Küresel ölçekte Huawei tarafınca yürütülen “Gelecek İçin Tohumlar Programı” kapsamında, aralarında 2 Türk’ün de bulunmuş olduğu, 14 ülkeden 22 üniversite talebesi, Çin’de büyük final etkinliğinde bir araya geldi. Öğrenciler, hem Çin kültürünü tanıma hem de kendi ülkelerinin kültürlerini anlatma fırsatı buldukları programda, yeşil enerji mevzusunda bilgilendirilirken, yaratıcı düşünme mevzusunda da danışmanlık eğitimi aldı.

Programa, Huawei Türkiye’nin yürüttüğü emek verme kapsamında katılan Harran Üniversitesi Bilgisayar Mühendisliği talebesi Hilal Güzel, AA muhabirine yapmış olduğu açıklamada, toplumsal medyada görmüş olduğu programa katılmak için yapmış olduğu başvurunun arkasından İstanbul Şile’de 1 hafta devam eden eğitime katıldıklarını söylemiş oldu.

Cinsel istismara maruz kalan evlatların yaşadıkları tramvayı, erken tanıyla minimize etmek amacıyla proje hazırladıklarını özetleyen Güzel, yaptıkları araştırmalarda, cinsel istismara uğrayan 0-7 yaş evlatların, bu durumun bilincinde olmadıklarını belirlediklerini aktardı. Güzel, Benim Yardımcım (MyCompanion) adını verdikleri proje hakkında şu şekilde konuştu:

“Suni zekayı kullanarak hazırlamış olduğumuz mobil oyunda temel hedefimiz, evlatları bu tür tehlikeli durumlar karşısında bilinçlendirmek, onları korumak ve gerektiğinde doğru yardımı alabilmeleri için eğitim vermek. Evlatların hususi bölgelerinin anlatıldığı mobil uygulamayla ya çocuklar kendiliğinden yaşadıkları cinsel istismarı konu alıyor ya da uygulamayı izlerken verdikleri tepkilerden, yaşadıkları istismara ilişkin ebeveynlere uyarı mesajı gönderiliyor.”

Rahat ve eğitici bir halde hazırladıkları uygulamada kar amacı gütmeyen organizasyon olarak, potansiyel işbirlikleriyle projeyi finanse etmeyi istediklerini ifade eden Güzel, “Yardım sürecinde, pedagoglar, devlet kurumları ve eğitim kurumlarıyla ortaklaşa iş yapmayı planlıyoruz.” dedi.

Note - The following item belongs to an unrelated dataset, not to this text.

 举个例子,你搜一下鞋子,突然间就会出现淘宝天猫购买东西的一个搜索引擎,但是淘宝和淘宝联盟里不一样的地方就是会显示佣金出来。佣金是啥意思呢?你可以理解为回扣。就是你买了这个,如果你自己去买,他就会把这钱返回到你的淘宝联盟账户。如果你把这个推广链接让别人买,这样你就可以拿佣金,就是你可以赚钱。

“Disleksi için suni zeka destekli mobil uygulama” projesiyle programa katılan MEF Üniversitesi Makine Mühendisliği talebesi Adem Atabağ da hazırladıkları projede, disleksi problemi bulunan evlatların öğrenme becerilerini geliştirmelerine katkı sunmayı amaçladıklarını belirtti.

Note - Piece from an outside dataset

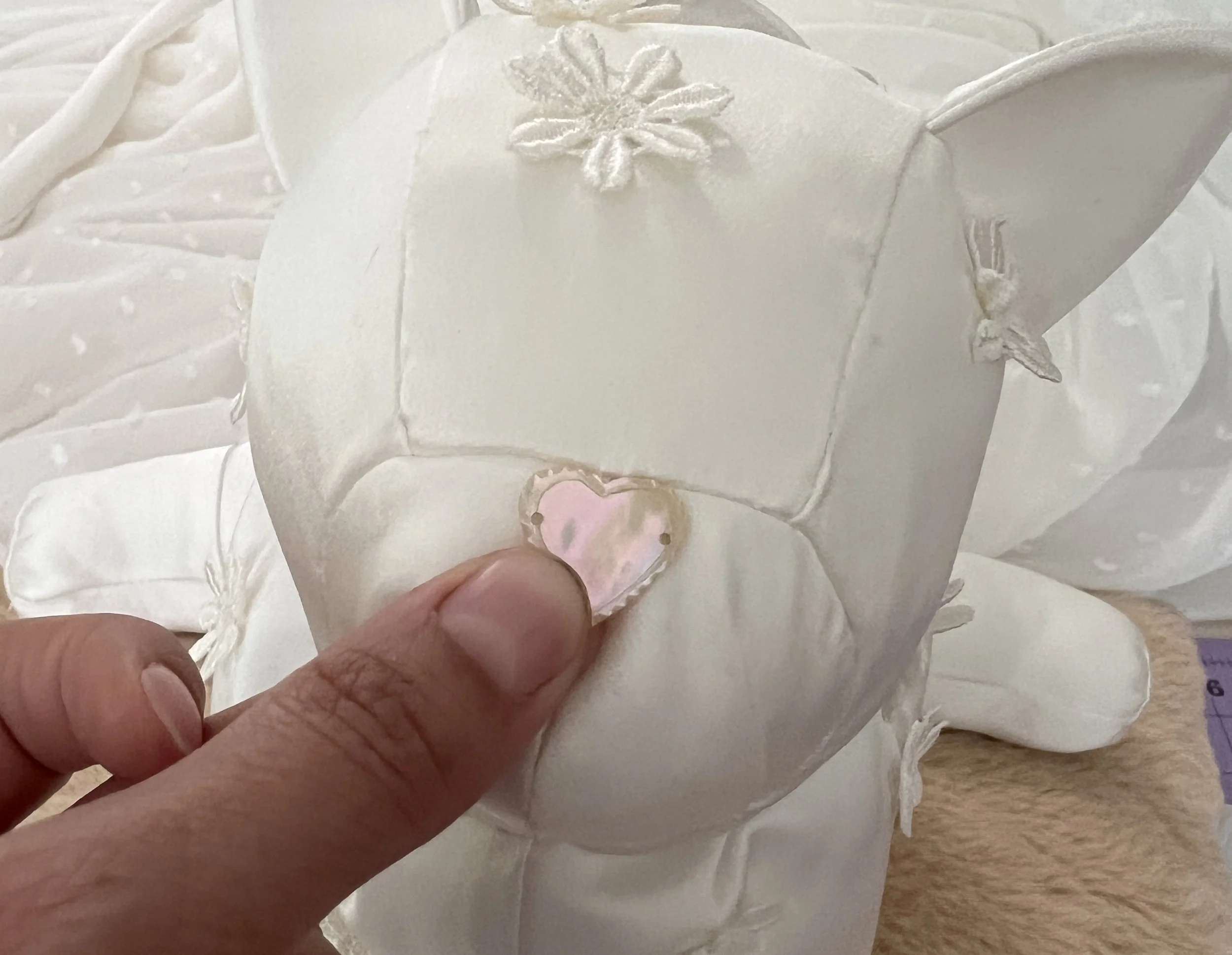 When sewing on the bottoms of the paws, which are perfect circles, it's really hard to get it under your sewing machine foot and be accurate. I hand sewed them on with a running stitch (short stitches, not basting) and then machine stitched. This went faster than the one I tried to do without hand sewing (seam ripper was involved).

Proje için akademisyenlerden de destek aldıklarını özetleyen Atabağ, “Bu uygulama yardımıyla disleksi sahibi çocuklar, çevrelerindeki objelerin görsellerini çekerek onları kendi hayal dünyalarına ekliyorlar ve bir öykü üretiyorlar. Suni zeka ile kendi hayal dünyalarındaki hikayeyi üretmelerine olanak sunarken çeşitli araçlar ve yöntemler ile onların öğrenme becerilerini geliştirmeyi sağlıyoruz.” değerlendirmesinde bulunmuş oldu.

Atabağ, Çin’deki etkinlikte hazırladıkları projeye ilişkin danışmanlık hizmeti de aldıklarını ifade ederek, “Benim için aslolan mühim olan bu mevzuya farkındalık oluşturmak. Proje kapsamında görüştüğümüz ailelerin, umutlarının karşılık bulması fazlaca mühim.” diye konuştu.